### What the task requires
Skip the pictures and give back the rest of the listing exactly.

### Given information
- Opening Delimiter -

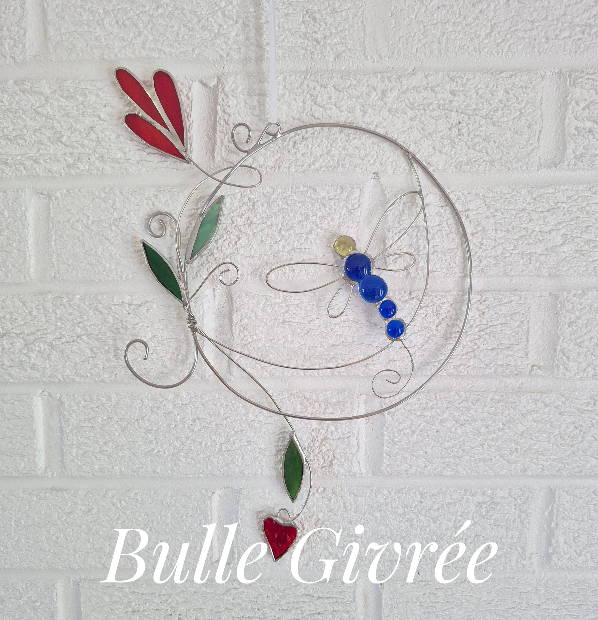 Délicate libellule en vitrail capte les rayons du soleil pour créer des reflets colorés uniques, enrichissant votre décor d'une ambiance apaisante et raffinée. Un choix parfait pour les amateurs d'art et de nature cherchant à allier beauté et lumière. accompagné d'une fleur rouge ,des feuilles vertes et un coeur rouge.
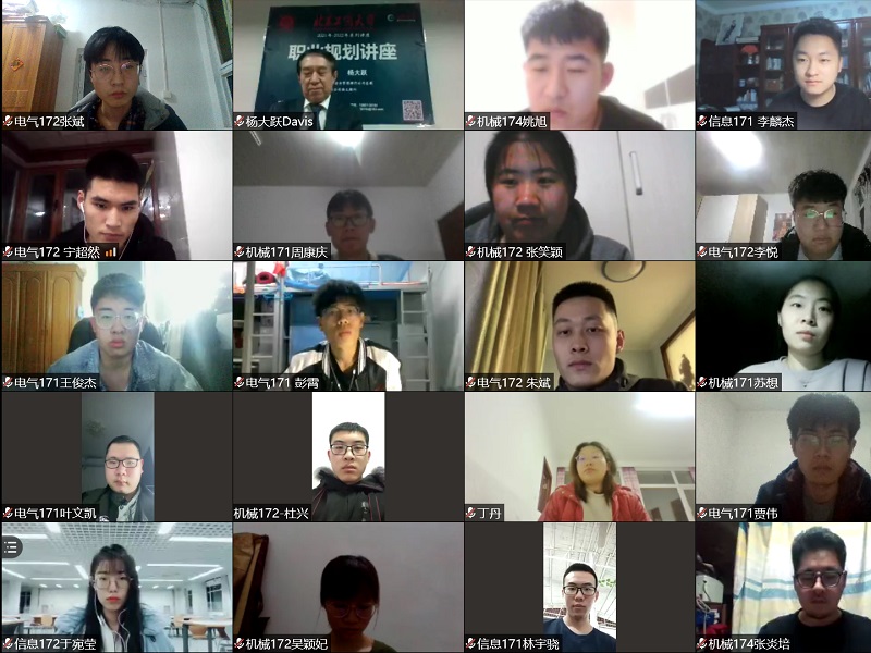 隨著就業市場競爭越來越激烈,職業生涯規劃越來越受到高校和大學生們的重視,為幫助同學們了解職業生涯規劃的重要性,人工智能學院邀請知名校友楊大躍作職業生涯規劃系列講座,3月16日和3月19日晚,楊大躍通過線上講座的方式,為人工智能學院的同學們作《邁向職業生涯成功的起點》初級和中級班講座。
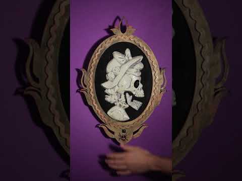 Ovaj ukrasni okvir mjeri otprilike 32 x 48 cm. On predstavlja kosturnu damu u profilu na crnoj pozadini, u okruženju sa zlatnim tonovima. Skeletonsko oko svijetli crveno i aktivira se detektorom pokreta. Lady Skeleton recitira 4 različite rime na engleskom jeziku i istovremeno pomiče mahore. Ovaj okvir funkcionira pomoću 3 AAA baterije. Bit će savršeno dovršiti svoj ukras na večeri Noći vještica.

- Closing Delimiter -

### Exercise answer
 Délicate libellule en vitrail capte les rayons du soleil pour créer des reflets colorés uniques, enrichissant votre décor d'une ambiance apaisante et raffinée. Un choix parfait pour les amateurs d'art et de nature cherchant à allier beauté et lumière. accompagné d'une fleur rouge ,des feuilles vertes et un coeur rouge.
 隨著就業市場競爭越來越激烈,職業生涯規劃越來越受到高校和大學生們的重視,為幫助同學們了解職業生涯規劃的重要性,人工智能學院邀請知名校友楊大躍作職業生涯規劃系列講座,3月16日和3月19日晚,楊大躍通過線上講座的方式,為人工智能學院的同學們作《邁向職業生涯成功的起點》初級和中級班講座。
 Ovaj ukrasni okvir mjeri otprilike 32 x 48 cm. On predstavlja kosturnu damu u profilu na crnoj pozadini, u okruženju sa zlatnim tonovima. Skeletonsko oko svijetli crveno i aktivira se detektorom pokreta. Lady Skeleton recitira 4 različite rime na engleskom jeziku i istovremeno pomiče mahore. Ovaj okvir funkcionira pomoću 3 AAA baterije. Bit će savršeno dovršiti svoj ukras na večeri Noći vještica.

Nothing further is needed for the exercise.